趙風銘吃著木然無味的烤兔,也不參與國師任何話題,似乎從頭到尾都在聽說書。
許久,榮奕向趙風銘靠近些:「王爺繼續南下還是躲仇家?」
趙風銘終於開口:「怕了?」
「嗯,怕拖王爺後腿。」
趙風銘,將自己暴露在兩個敵人之前,你都不怕我怕啥?
更深露重,吃完三人小憩。
榮奕窩在樹下,睡得正迷迷糊糊,忽然嘴被捂上,寒意陡然升起,抬腿就猛踢。
「你屬驢的?往哪踢呢!」
聲音壓的很低,不過榮奕還是聽出國師的聲音。
不等反應,榮奕被抓起飛身上樹,借著月光適才發現周邊草叢不少黑影攢動,而趙風銘愣是連根人毛都沒看到。
「王爺呢?」
「死了。」
第19章 跟嚴刑逼供似的
「國師如此說,王爺肯定活得比你還能蹦躂。」
真懷疑你倆這麼多年咋沒打死一個。
榮奕探頭觀察黑影,發現並非刺客,他們三三兩兩慢悠悠向著同一方向前進,直挺挺,無多餘動作。

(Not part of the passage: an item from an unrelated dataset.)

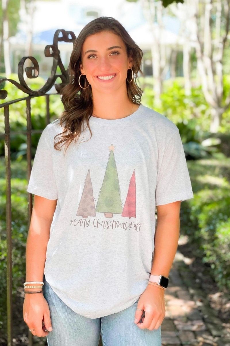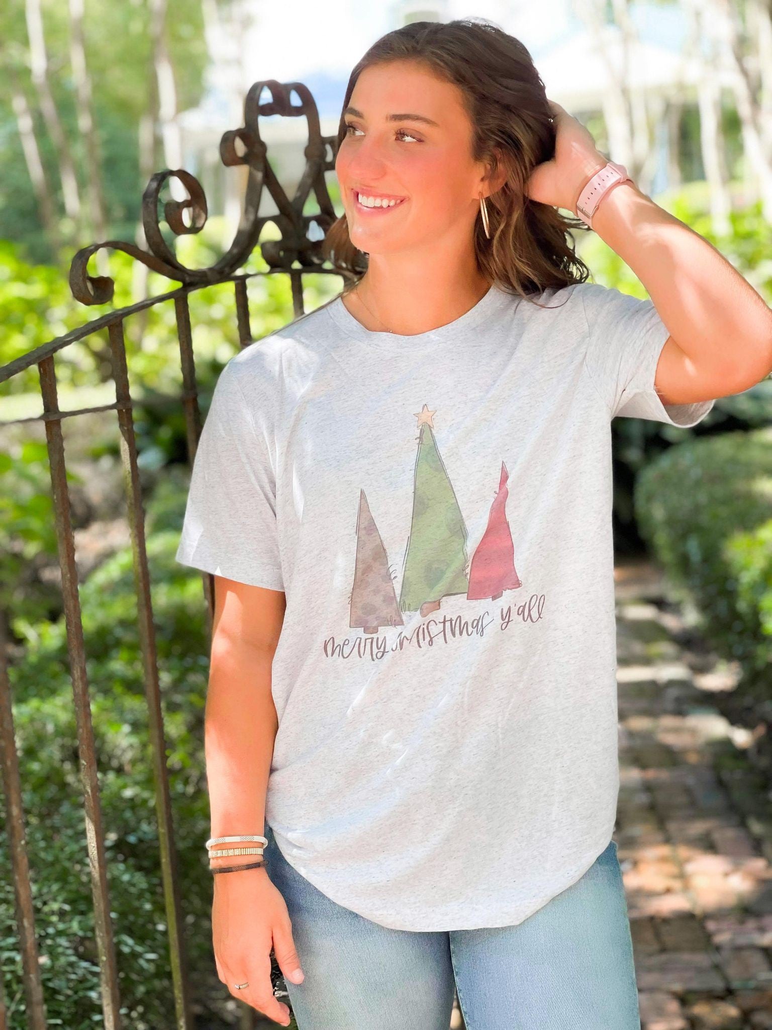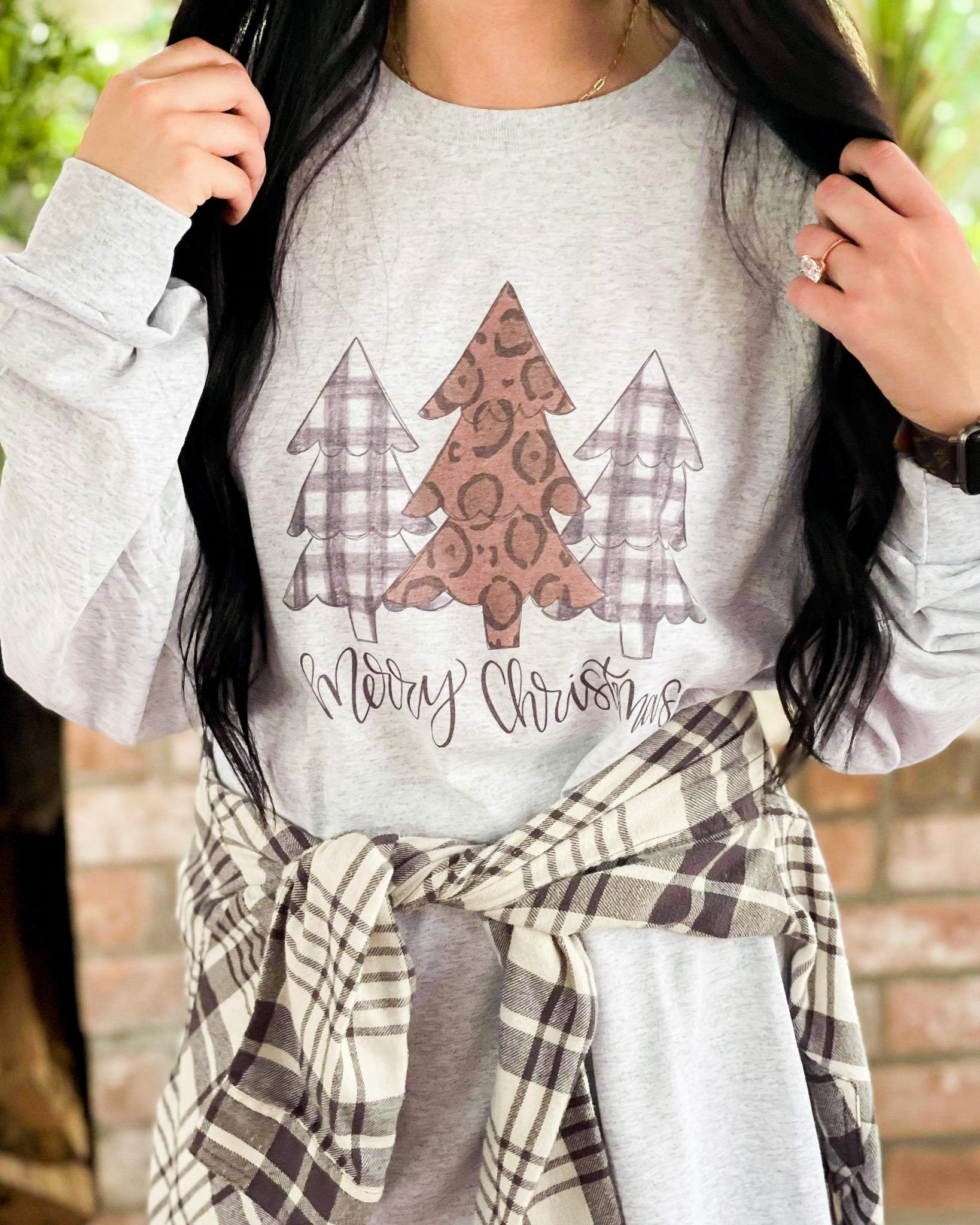 Plaid and Leopard Merry Christmas Trees Longsleeve

近了還有股難以描述的臭味,榮奕定睛細看,霎時倒吸涼氣。
襤褸衣衫,面目可怖,皮膚皸裂,空洞的眼裡滿是死氣,哪是人,分明是死屍。
屍群過境!
看腐爛程度,從3月到3日不等。
先前不是沒見過,問題是哪裡會有如此多屍體?各種年齡段都有。
如此規模屍群定有控屍人,榮奕沒記錯的話,控屍早在幾百年前就被禁止,敢用上古禁術,絕非善茬。
屍群無聲無息,可如冒然驚動,就憑趙風銘地階修為怕也是夠喝好幾壺的程度。
榮奕與國師擠在一棵樹枝上,腰被緊緊摟著,整個人幾乎坐在國師身上,很快他就感受到國師那位好兄弟的不安分。
真真汗顏。
榮奕沒好氣:「國師大人,能管管你兄弟嗎?嚴重影響我心情了。」
國師笑了兩聲,流氓味滿滿:「它看到你就興奮,我能怎麼辦,我也很無奈?」
「來,爺幫你切了,永絕後患。」
「你嚇到它了。賠錢。」
「滾。」
超級無敵嫌棄!
環視四周,趙風銘無影無蹤。
媽蛋,又丟下小爺自己跑路!做人怎麼能如此不講良心!
不一會,榮奕實在硌得難受,往前輕輕挪了挪,險些掉下去不說,又被拽回來頂著。